*** SUPPLIED MATERIAL ***

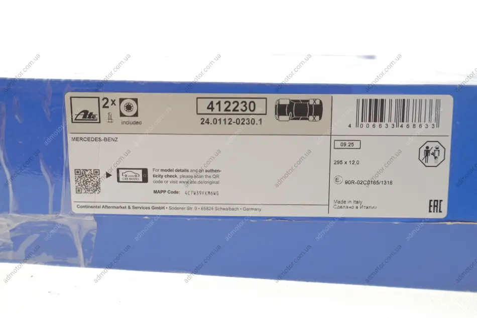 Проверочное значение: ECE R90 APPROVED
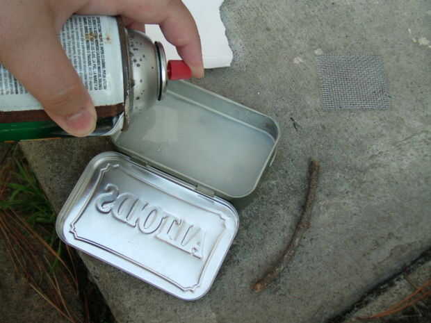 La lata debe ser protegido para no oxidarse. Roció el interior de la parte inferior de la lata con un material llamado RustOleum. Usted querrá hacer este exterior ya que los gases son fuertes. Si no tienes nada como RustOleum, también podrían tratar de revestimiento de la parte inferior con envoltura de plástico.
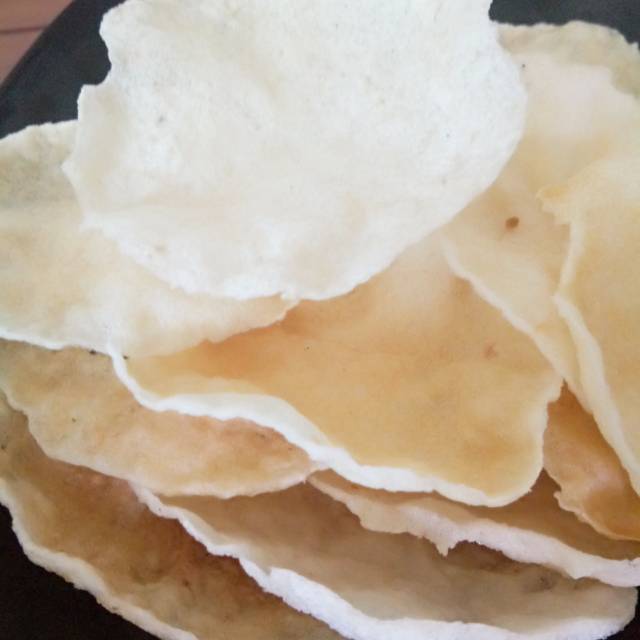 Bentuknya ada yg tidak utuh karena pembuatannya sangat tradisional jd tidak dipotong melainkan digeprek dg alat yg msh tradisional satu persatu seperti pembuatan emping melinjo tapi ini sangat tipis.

*** End of SUPPLIED MATERIAL ***

REQUIREMENT:
Your copy must start at the line that holds "La lata debe" and end at the last line of the data, both included; it must contain no pictures.

WRITTEN RESPONSE:
 La lata debe ser protegido para no oxidarse. Roció el interior de la parte inferior de la lata con un material llamado RustOleum. Usted querrá hacer este exterior ya que los gases son fuertes. Si no tienes nada como RustOleum, también podrían tratar de revestimiento de la parte inferior con envoltura de plástico.
 Bentuknya ada yg tidak utuh karena pembuatannya sangat tradisional jd tidak dipotong melainkan digeprek dg alat yg msh tradisional satu persatu seperti pembuatan emping melinjo tapi ini sangat tipis.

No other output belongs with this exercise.